Chicken and Rice Recipe - PCOS-Friendly Recipe
This Chicken and Rice Recipe is a PCOS-friendly recipe.
Nutrition per Serving
Ingredients
- 6 boneless skinless chicken breast halves
- 1-1/2 cups uncooked instant rice
- 1/2 cup boiling water
- 1 can (10-3/4 ounces) condensed cream of chicken soup, undiluted
- 1 can (10-3/4 ounces) condensed cream of celery soup, undiluted
- 2 tablespoons onion soup mix
- 1 package (10 ounces) frozen peas, thawed
- 1/2 cup minced fresh parsley
Instructions
- Place chicken in a greased 13-in. x 9-in. baking dish. In a small bowl, combine rice and water. In a large bowl, combine the soups, soup mix and peas; stir into rice mixture. Spread over chicken.

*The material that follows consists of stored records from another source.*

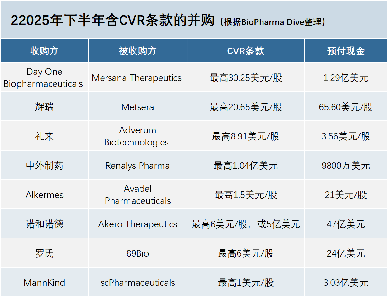 据BioPharma Dive统计,2025年下半年,约有三分之一的大额并购交易采用了CVR模式。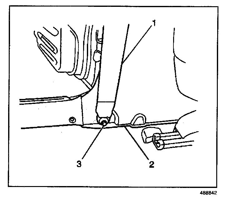 5. Install the front seat belt (3) to the vehicle. Secure the seat belt with the following fasteners:
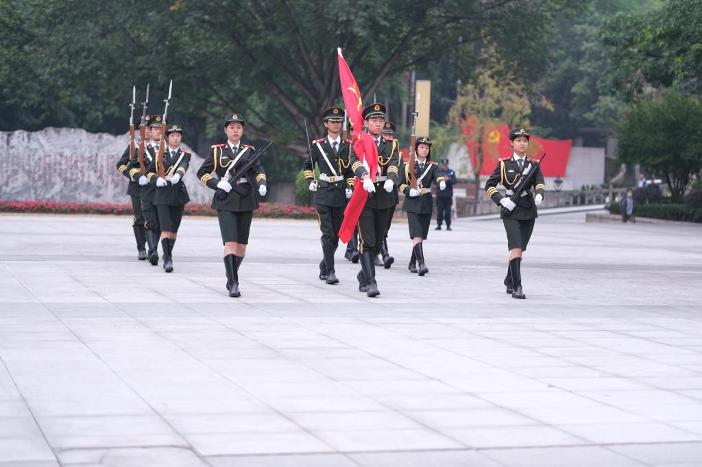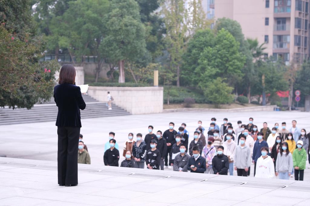最后,机械工程公司党委书记杨娟为此次升旗仪式致辞。她表示升旗仪式是对祖国的深情和敬意,是一种情怀、一种信仰、一种力量。对青年学子提出三点希望:一是要爱党爱国,希望作为新时代青年能够做到党在我心,听党话跟党走;二是爱校爱院,即将迎来70周年校庆,希望当下新时代的青年老员工,在以公司为荣之时也能够以自己的奋斗与成就让公司为荣;三是奋斗出彩,当代的中国青年生于新时代,机遇和希望同样需要奋斗,希望作为新时代的青年应当有理想、敢担当、能吃苦、肯奋斗,做到强国有我,请党放心。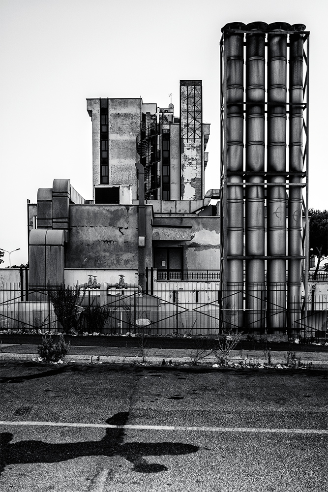 Un bel bianco nero . Caratteristica l'ombra in basso che mi riporta a dell'olio caduto, guarda caso in prossimità di una grande fabbrica. Curiosa coincidenza. Perfetto il taglio verticale, il tuo buon senso di non clonare nulla , come quel palo a sx e la vegetazione. Lo apprezzo perchè è forma di convinzione in ciò che si crede. Inutile dirti che io l'avrei annientato, sono pessimo in queste cose.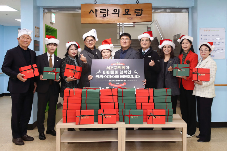 [서초구 세계타임즈=이장성 기자] 서초구의회(의장 고선재)는 17일, 크리스마스를 앞두고 지역 내 아동복지시설에 선물세트를 전달하며 따뜻한 나눔을 실천했다.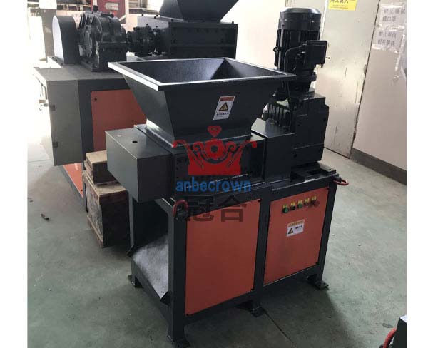 雙軸撕碎機將廢舊的編織袋,用機械直接送入新型編織袋粉碎機通過電機→傳動減速機→傳動主軸,由主軸上安裝的N把動刀與機架上安裝的定刀,將整捆的編織袋粉碎,經分離水槽將編織袋與雜物(石塊、等雜物)分離,到達可回收利用之原料。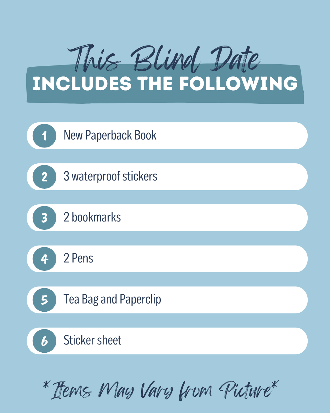 Includes: Paperback book, 2 pens, 2 bookmarks, sticker sheet OR Post its OR page tabs, 3 waterproof stickers, tea bag, and paperclip - items may vary from pictured

- Cover and bake at 350 ° for 40 minutes. Uncover; sprinkle with parsley. Bake 10-15 minutes longer or until a meat thermometer reads 170 °.
PCOS-Friendly Foods in This Recipe
This recipe contains the following foods that may benefit PCOS management: Chicken Breast.

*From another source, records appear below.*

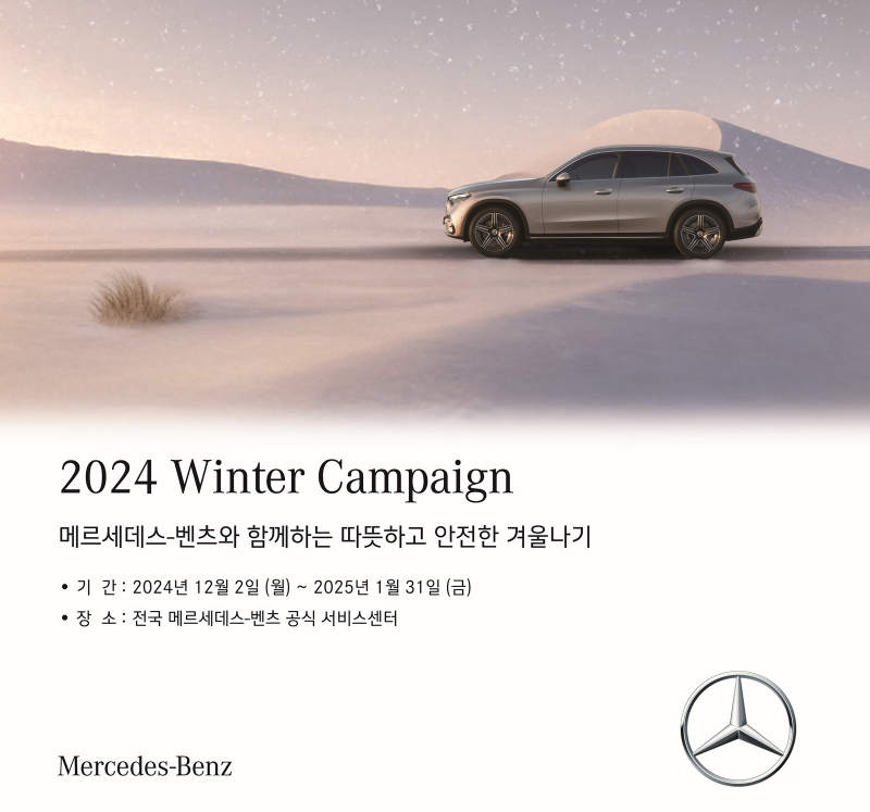 [서울경제TV=이수빈 인턴기자] 메르세데스-벤츠 코리아는 겨울철 안전하고 편안한 주행을 돕기 위해 통합 서비스 패키지 기간이 만료된 고객에게 프리미엄 전문 진단 서비스를 무상 제공하고 관련 부품을 할인하는 ‘2024 겨울맞이 캠페인’을 2025년 1월 31일까지 진행한다고 10일 밝혔다.
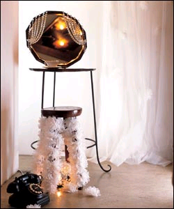 3、发挥创造力,给没有靠背的椅子加个装饰也很不错。 在椅腿部分挂满用棉纱面料做成的成串花朵,它就成了世上独一无二的椅子,一定会留住不少人的视线。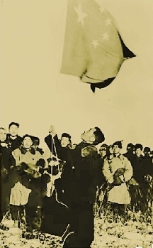 图①:1954年12月21日,友谊农场场址奠基升旗仪式,升旗者为场长王操犁同志。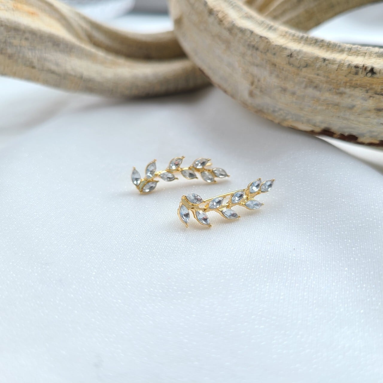 たっぷりとラインストーンを施したリーフデザインのピアス。

Skinless chicken breast, often heralded for its lean nutritional profile, is undeniably a powerhouse when it comes to protein content. With an impressive 21 grams of protein packed into every 100 grams of the breast, it emerges as a preferred choice for those conscious about their protein intake. Delving deeper into the nutritional matrix of chicken, one can't overlook the copious amounts of vitamin B6 it houses. This particular vitamin plays an indispensable role in our body, especially when di...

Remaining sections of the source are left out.